The radio waves used for radars are grouped into bands, each band covering a range of frequencies. Most of the bands consist of frequencies greater than those used for FM radio, which in turn are greater than those frequencies used for AM radio. Some of the main radar bands have rather cryptic designations, like L, S, C, X, K, Ka, and W. “L” stands for “long,” as the wavelengths are longer than those used in S-band radars, where “S” stands for “short”. L-band radars are used (among other purposes) for long-range air traffic control, whereas S-band radars are used for air traffic control at airports. The X-band was so named because the frequency was a secret during WW2. “K” stands for “kurz,” which is German for “short” (different viewpoints on what is short, I suppose). Ka-band radars have frequencies just above K-band radars, hence the “a.” Among other uses, Ka-band radars are employed by police to detect speeding motorists.

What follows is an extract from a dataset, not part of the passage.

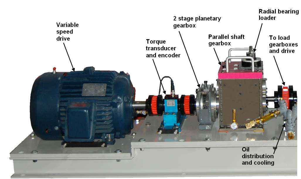 直齒圓柱齒輪或斜齒輪的表面磨損,裂齒,缺齒牙缺失的影響故障,如可以證明,誘導(dǎo)。滾動(dòng)軸承的故障,如內(nèi)圈,外圈,將球破壞也可以被納入??烧{(diào)游隙的研究齒隙是可能的:增加間隙量沒(méi)有重大的后果,并減少齒隙可以導(dǎo)致結(jié)合和/或過(guò)高的操作溫度。傳動(dòng)系統(tǒng)不對(duì),也可以有意引進(jìn)的DPS。這些故障中的任何一種可以被添加到傳動(dòng)系的一個(gè)在一個(gè)時(shí)間,或同時(shí)研究斷層間相互作用。扭轉(zhuǎn)和徑向載荷可應(yīng)用于研究損壞簽名或傳播扭轉(zhuǎn)載荷被施加在齒輪和/或軸承:經(jīng)由10的HP可變頻率的AC驅(qū)動(dòng)器與一個(gè)可編程的,用戶定義的速度分布;和徑向載荷被施加軸在平行變速箱。隨著的可編程負(fù)載驅(qū)動(dòng),負(fù)載波動(dòng)可以應(yīng)用于模擬現(xiàn)實(shí)生活中加載條件。

The two main radars that will be used during MAGIC are a Ka-band radar and a W-band radar. Ka-band and W-band radars have traditionally been thought of as cloud radars, meaning they are used to detect primarily cloud drops, whereas C- and S-band (and more recently X-band) radars have traditionally been thought of as precipitation radars, as they readily detect raindrops. This distinction isn’t strictly valid, however, as Ka-band radars can also provide some information on precipitation.
The interaction between electromagnetic radiation such as radio waves and an object such as a cloud drop or a raindrop depends mainly on the frequency of the radiation and the size of the object. Thus, radars of different bands will yield different results when aimed at a cloud or at a rainstorm, and radars of different bands can be used together to provide information about the numbers and sizes of the cloud drops or raindrops.
Besides the frequency of the wave and the size of the object, the interaction of radio waves with an object also depends on the shape of the object and its composition. Thus radars can determine whether objects being detected are cloud drops or ice crystals, for instance, or whether objects are birds, insects, or water drops. When cleverly employed, radars can determine how fast raindrops are falling, from which they can infer the sizes of the drops.
–Ernie Lewis, MAGIC principal investigator